跨应用域的人工智能和机器学习的使用不断增加,这加剧了需要在低成本的机器学习实现方面的需求,特别是针对资源受限的嵌入式系统。因此,近似计算,一种探索权力、性能、区域(PPA)和行为准确性(BEHAV)权衡的方法,已经成为实现嵌入式机器学习的可能解决方案。由于机器学习中的MAC操作主导,设计特定平台的近似算术操作成为近似计算中的主要研究问题。最近,AI/ML基于设计空间探索技术来实现近似操作的方法不断增加。然而,大多数这些方法局限于使用ML基代函数来预测一系列相关设计决策的 PPA 和行为影响。虽然这种方法利用ML方法的回归能力,但它并未充分利用机器学习中的更高级方法。为此,我们提出了 AxOCS,一种通过基于机器学习的超级采样来设计近似算术操作的方法。具体来说,我们提出了一种方法,利用不同比特宽度的 Operator 之间的 PPA 和行为指标的关系来生成更大的比特宽度的 Operator。 proposed 的方法涉及穿越相对较小的设计空间,较小的比特宽度 Operator 的设计空间,并使用其相关的设计-PPA-BEHAV 关系来生成较大规模Operator 的基于启发式优化的初始解决方案。AxOCS 对于FPGA优化的近似操作实现的实验评估表明,该方法显著提高了多目标优化时8x8 sign 近似乘法的Hypervolume的质量。
https://arxiv.org/abs/2309.12830
Robot multimodal locomotion encompasses the ability to transition between walking and flying, representing a significant challenge in robotics. This work presents an approach that enables automatic smooth transitions between legged and aerial locomotion. Leveraging the concept of Adversarial Motion Priors, our method allows the robot to imitate motion datasets and accomplish the desired task without the need for complex reward functions. The robot learns walking patterns from human-like gaits and aerial locomotion patterns from motions obtained using trajectory optimization. Through this process, the robot adapts the locomotion scheme based on environmental feedback using reinforcement learning, with the spontaneous emergence of mode-switching behavior. The results highlight the potential for achieving multimodal locomotion in aerial humanoid robotics through automatic control of walking and flying modes, paving the way for applications in diverse domains such as search and rescue, surveillance, and exploration missions. This research contributes to advancing the capabilities of aerial humanoid robots in terms of versatile locomotion in various environments.
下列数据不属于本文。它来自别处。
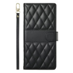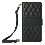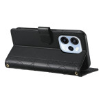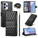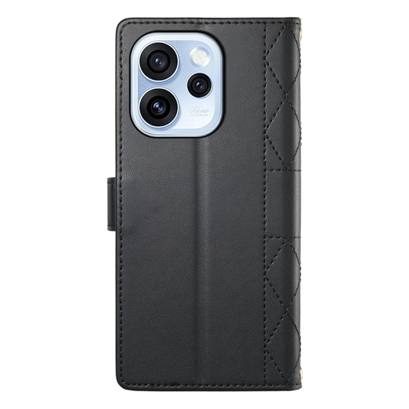 Capa elegante em pele PU com design acolchoado com diamantes para o Oppo Reno 15 F 5G. Inclui 3 ranhuras para cartões, 1 bolso para dinheiro, função de suporte integrada e alças de pulso amovíveis e ajustáveis (70-150 cm).

机器人的多模式行走涵盖了步行和飞行之间的平滑过渡,代表了机器人领域的一个重大挑战。这项工作提出了一种方法,可以使机器人实现自动平滑过渡,即从步行到飞行的转型。利用对抗运动先验的概念,我们的算法使机器人能够模仿运动数据集,并完成所需的任务,而不需要复杂的奖励函数。机器人从人类步态学习步行模式,从通过路径优化获得的飞行模式中学习空中行走模式。通过这个过程,机器人使用强化学习环境反馈来适应步行和飞行模式,并出现了模式切换行为。结果突出了通过自动控制步行和飞行模式实现多模式行走的潜力,为各种应用领域(如搜索和救援、监视和探索)提供了应用前景。这项工作为空中型人类机器人在各种环境中的多功能行走提供了扩展能力。
https://arxiv.org/abs/2309.12784
The bin packing is a well-known NP-Hard problem in the domain of artificial intelligence, posing significant challenges in finding efficient solutions. Conversely, recent advancements in quantum technologies have shown promising potential for achieving substantial computational speedup, particularly in certain problem classes, such as combinatorial optimization. In this study, we introduce QAL-BP, a novel Quadratic Unconstrained Binary Optimization (QUBO) formulation designed specifically for bin packing and suitable for quantum computation. QAL-BP utilizes the augmented Lagrangian method to incorporate the bin packing constraints into the objective function while also facilitating an analytical estimation of heuristic, but empirically robust, penalty multipliers. This approach leads to a more versatile and generalizable model that eliminates the need for empirically calculating instance-dependent Lagrangian coefficients, a requirement commonly encountered in alternative QUBO formulations for similar problems. To assess the effectiveness of our proposed approach, we conduct experiments on a set of bin-packing instances using a real Quantum Annealing device. Additionally, we compare the results with those obtained from two different classical solvers, namely simulated annealing and Gurobi. The experimental findings not only confirm the correctness of the proposed formulation but also demonstrate the potential of quantum computation in effectively solving the bin-packing problem, particularly as more reliable quantum technology becomes available.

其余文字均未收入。